CPG 7909 in Patients Wih Stage IV Renal Cell Cancer

This study has been completed.
Information provided by:
ClinicalTrials.gov Identifier:
First received: August 8, 2002
Last updated: February 11, 2009
Last verified: February 2009
CPG 7909 given alone to patients with renal cell cancer after their nephrectomy. CPG 7909 is as a subcutaneous injection once per week for up to 24 weeks. Up to 40 patients will be included in the study.

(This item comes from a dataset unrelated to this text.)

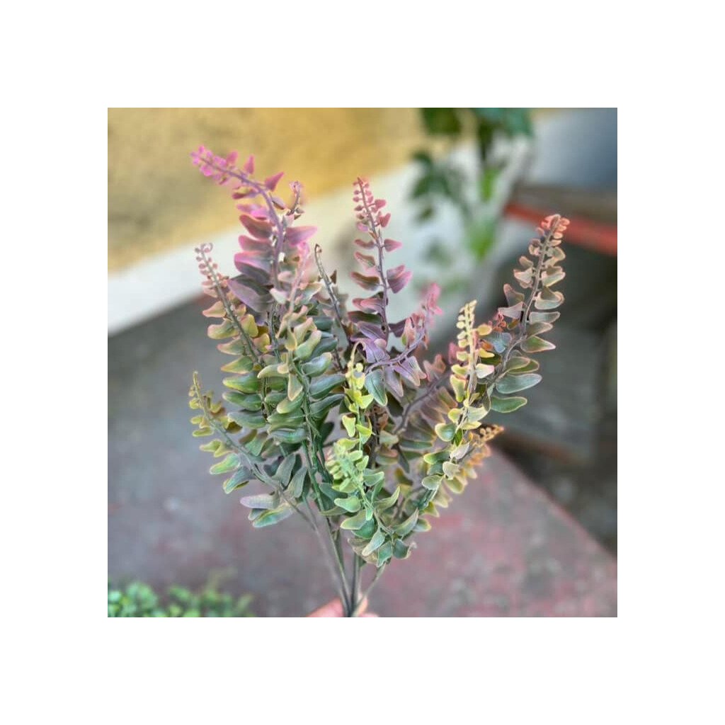 Umelá papraď s väčšími, jemne tvarovanými lístočkami pôsobí prirodzene a elegantne. Farebná kombinácia zelených tónov s jemným nádychom do ružova dodáva rastline hĺbku a realistický vzhľad. Vďaka výške 38 cm je ideálna ako výplň do smútočných aranžmánov, vencov a ikebán, rovnako aj do celoročných dekorácií a interiérových aranžmánov. Papraď je nenáročná na údržbu, stále pekná a vhodná na kombinovanie s kvetmi aj inou zeleňou.

Condition Intervention Phase
Carcinoma, Renal Cell
Drug: CPG 7909
Phase 1
Phase 2

Study Type: Interventional
Study Design: Allocation: Non-Randomized
Endpoint Classification: Safety/Efficacy Study
Intervention Model: Single Group Assignment
Masking: Open Label
Primary Purpose: Treatment
Official Title: A Phase I/II, Open Label, Multi-Center Study For The Evaluation Of CPG 7909 In Patients With Stage Iv Renal Cell Carcinoma

Resource links provided by NLM:

Further study details as provided by Pfizer:

Primary Outcome Measures:
  • To determine the tolerability of escalating doses of subcutaneously administered CPG 7909 Injection up to a maximum dose of 0.81 mg/kg in patients with metastatic renal cell cancer. [ Time Frame: Indeterminate ] [ Designated as safety issue: No ]
  • To establish the maximum tolerated dose for CPG 7909 Injection as monotherapy in patients with metastatic renal cell cancer up to a dose of 0.81mg/kg. [ Time Frame: Indeterminate ] [ Designated as safety issue: No ]
  • To estimate the overall tumor response rate of CpG 7909 according to the RECIST criteria in patients with metastatic renal cell cancer. [ Time Frame: Indeterminate ] [ Designated as safety issue: No ]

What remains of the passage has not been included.